CADENCE VERSUS AVANT!. Cadence stressed that they believe that Avant!'s place and route software is substantially their own. They believe that they are going to win the suit and on the battlefield of technology. Cadence had some transition issues with their Dracula and Vampire products, but they are starting to get some design wins against Avant! in the veritech product line. This is not simply an issue of Cadence offering more service and maintenance, either -- they are beating Avant! on technology in these wins. Dracula lost to Avant!'s Vericheck on speed, which they have improved with Vampire. They have also improved accuracy as well.
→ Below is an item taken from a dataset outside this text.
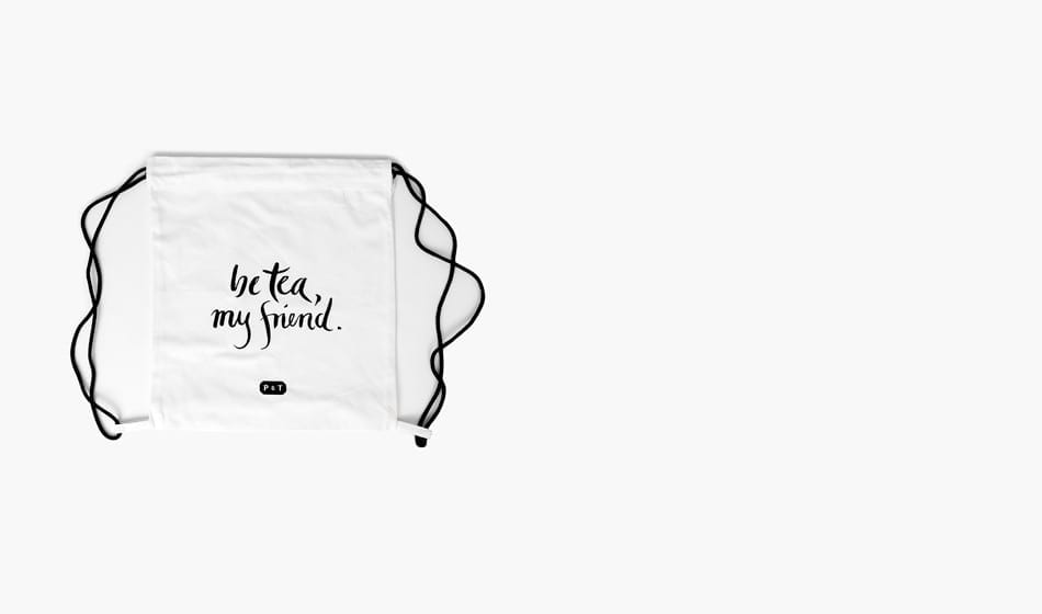 The drawstring cotton backpack fashions a popular look from Berlin’s oh-so-cool streets. Equipped with a kung-fu inspired message in a friendly font to tackle these hectic times with a touch of zen and a quip of humor. Join us in drinking tea, filling up with good (tea) karma, and sharing it with the world.
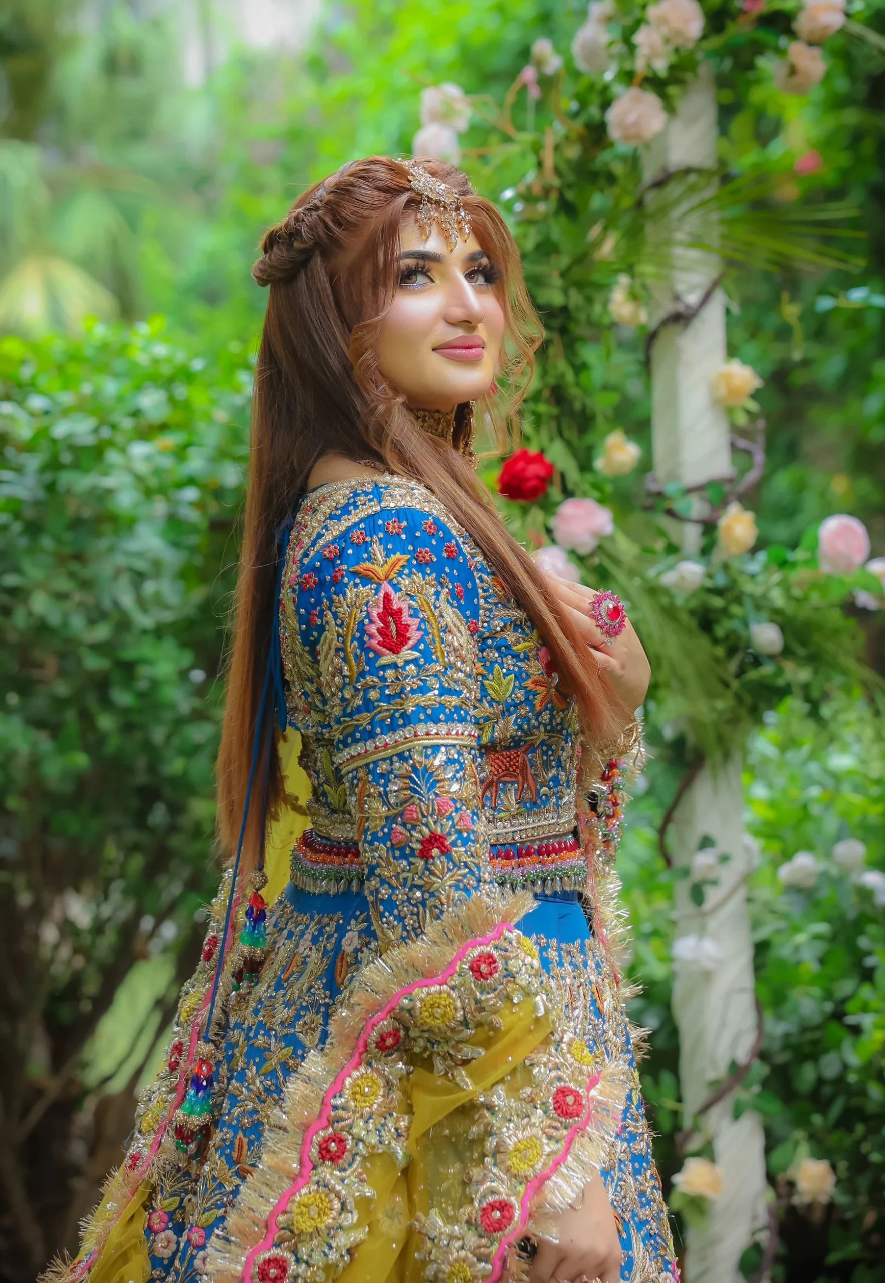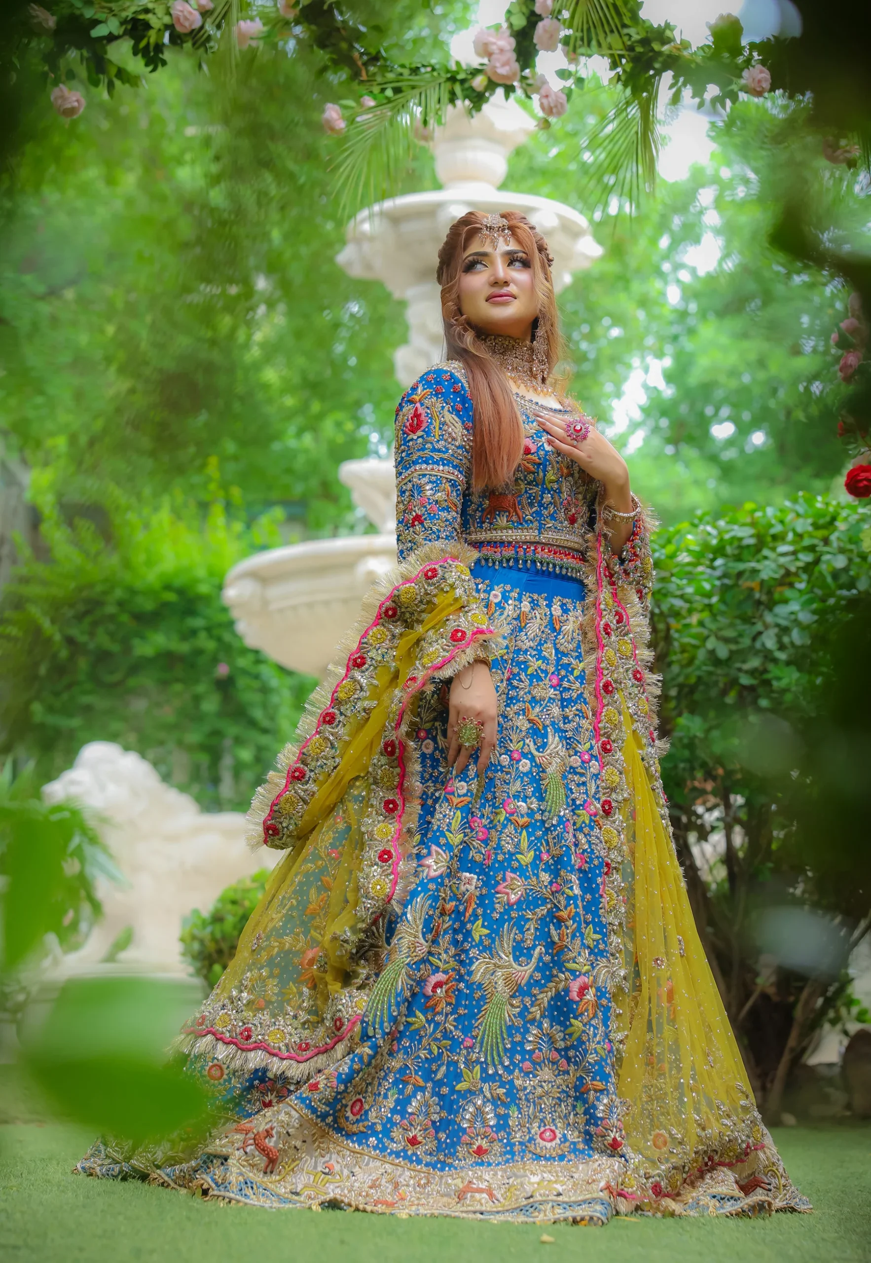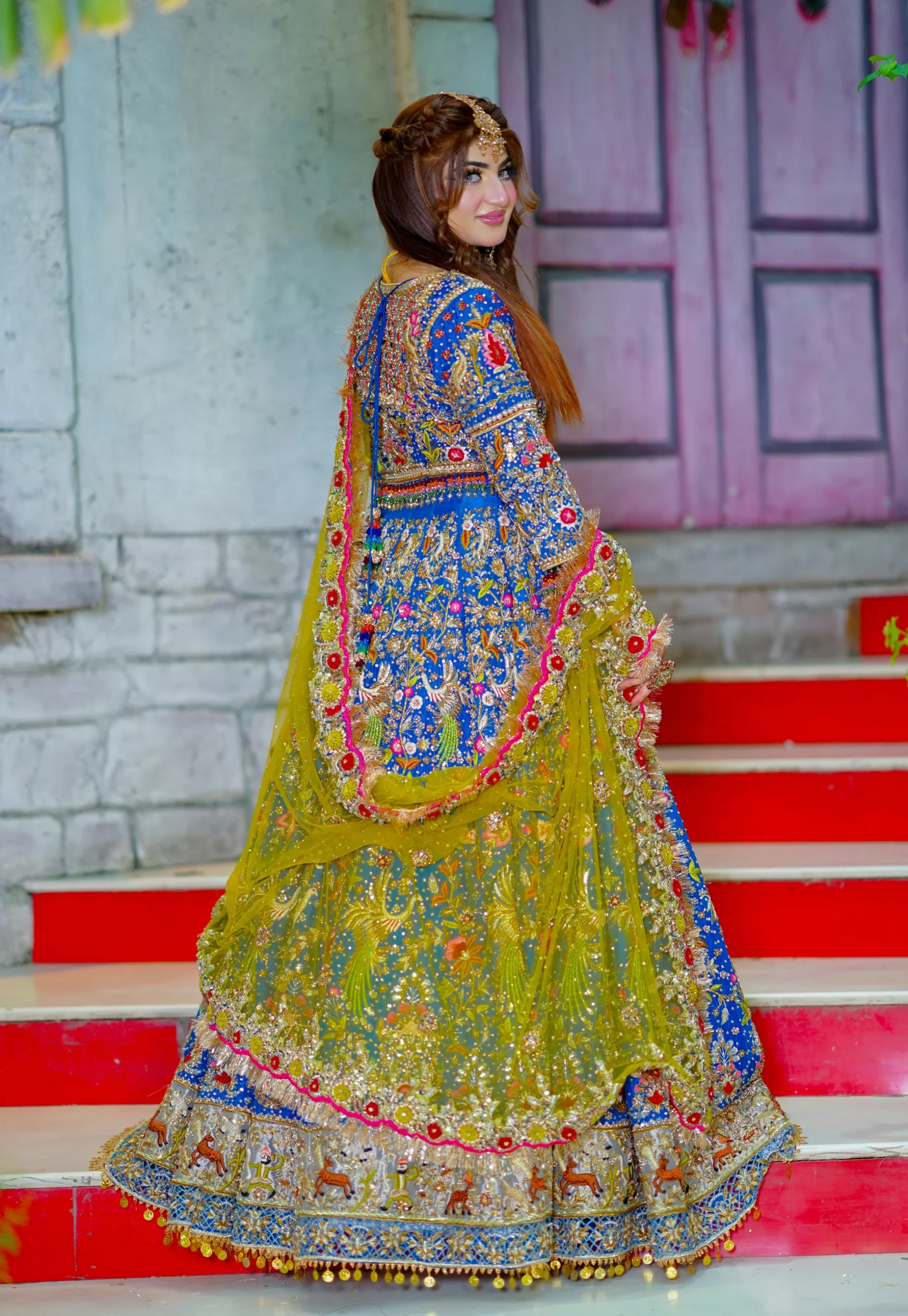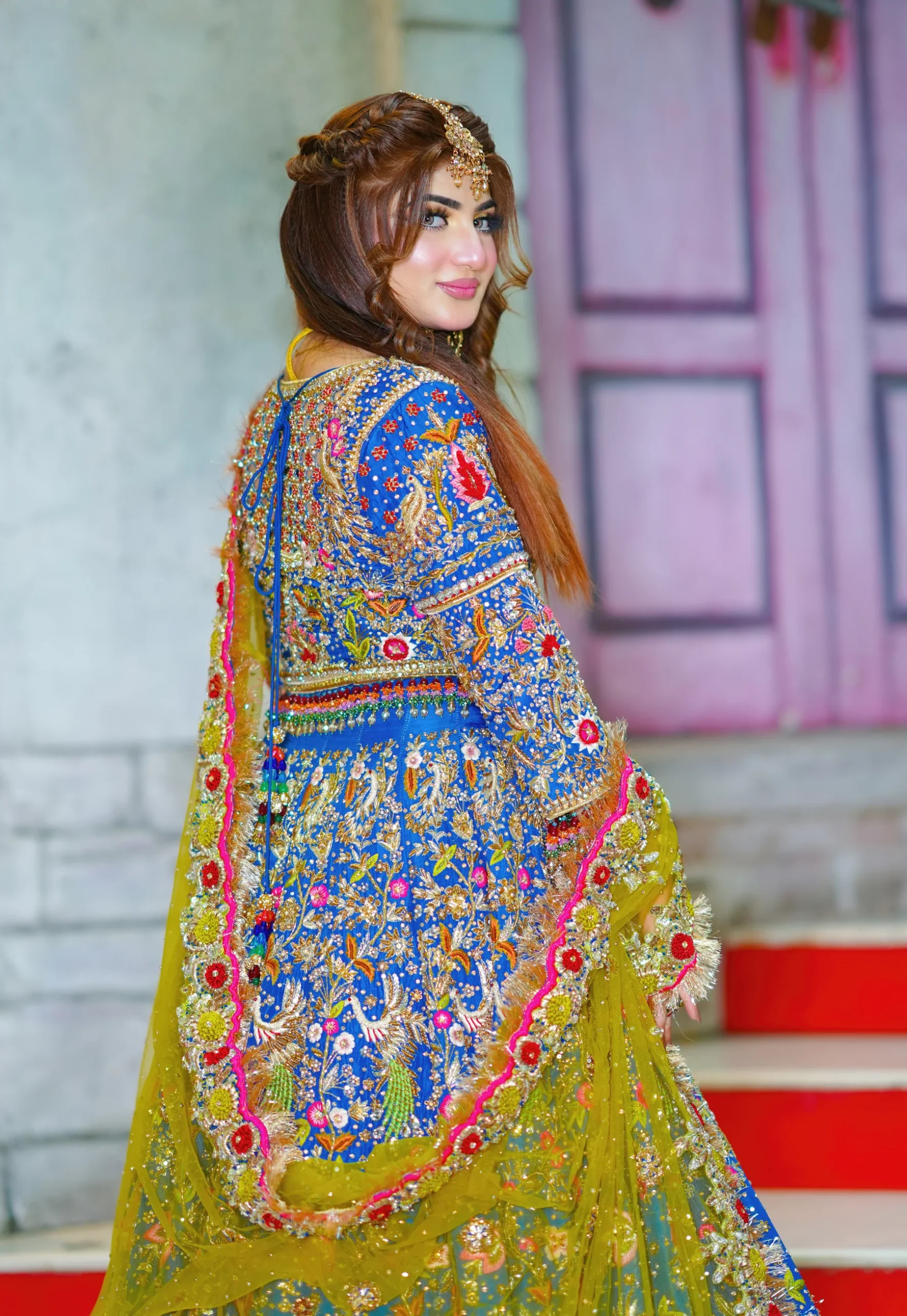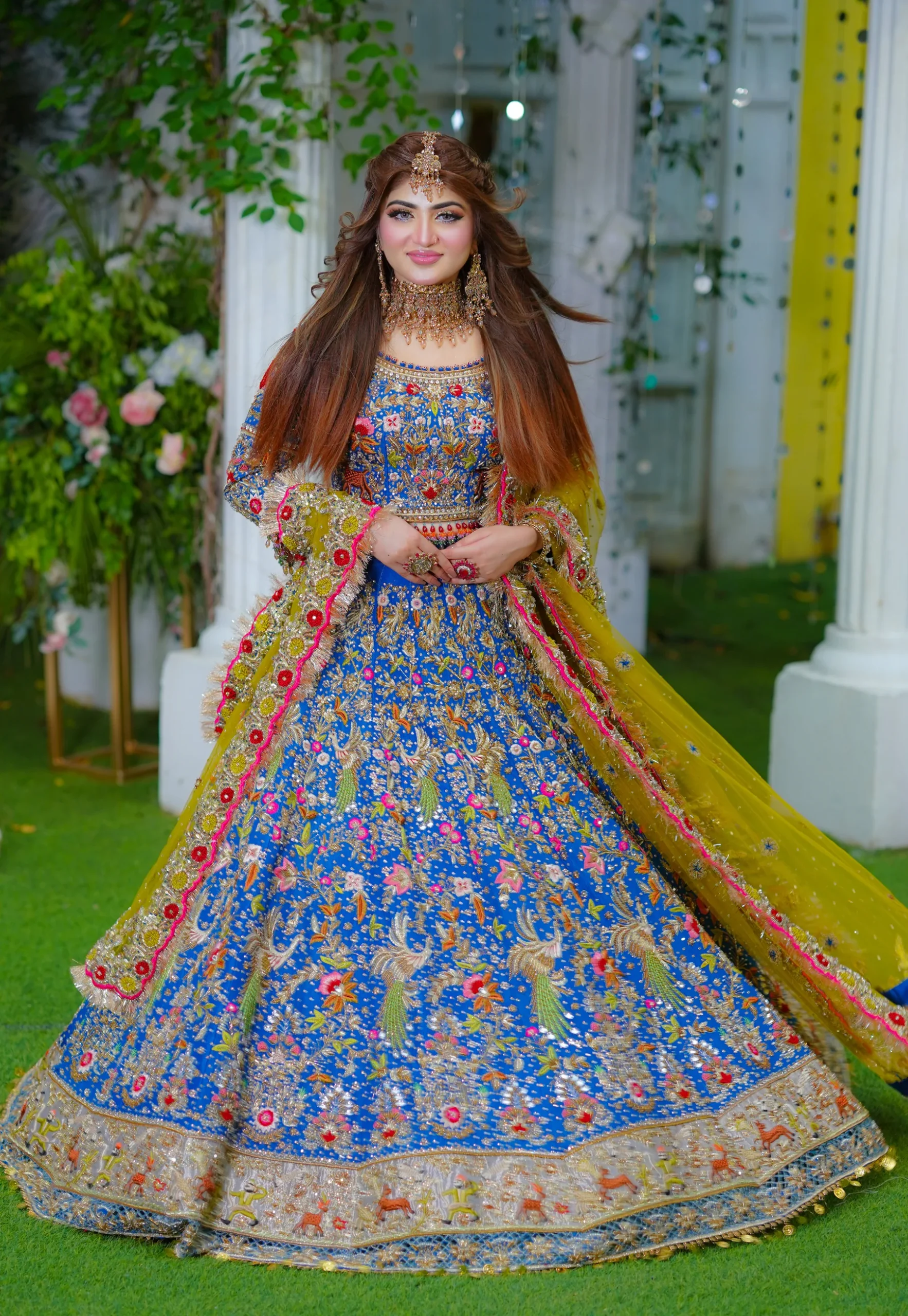 The contrast dupatta is crafted in a vibrant mustard tone, adding a festive and striking balance to the deep blue base. It is bordered with colorful embellishments, gold appliqué, and intricate hand embroidery that echo the motifs of the lehenga. Sequins, beads, and delicate detailing lend brilliance across the dupatta, while a refined katan lining along the edges provides structure without compromising its graceful drape.

LOOKING FORWARD. Cadence has been structuring the company and doing acquisitions to make sure that they have the entire set of technologies that are going to be required to make the "system on a chip" technology work. The foundation for this is being set up by an industry group working on a project called VSI. Cadence believes that they are prepared for this industry shift and that they have a number of products, like Alta, that play right into this. Cadence is also moving ahead with high performance circuit board level design products. The company is transforming itself from a straight tools company to a results-oriented solutions company.